• RECORDED INFORMATION:
==========
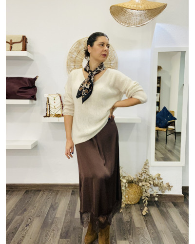 Elegante pañuelo con acabado suave y ligero, perfecto para darle un toque de estilo a cualquier look. Llévalo anudado al cuello, en el pelo o al asa del bolso para un toque sofisticado y femenino.
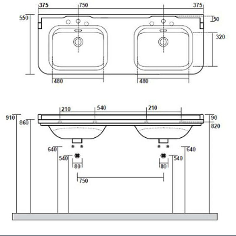 Раковина Kerasan Waldorf 4143K1bi/cr*3 Белая 150 см
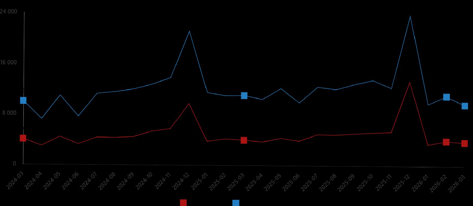Satış durumuna nazaran mevsim ve takvim tesirinden arındırılmış konut satışı, Mart 2026
==========
• THE PROBLEM: The full listing, transcribed exactly and without its pictures, is the expected result.

• PROBLEM SOLUTION:
 Elegante pañuelo con acabado suave y ligero, perfecto para darle un toque de estilo a cualquier look. Llévalo anudado al cuello, en el pelo o al asa del bolso para un toque sofisticado y femenino.
 Раковина Kerasan Waldorf 4143K1bi/cr*3 Белая 150 см
Satış durumuna nazaran mevsim ve takvim tesirinden arındırılmış konut satışı, Mart 2026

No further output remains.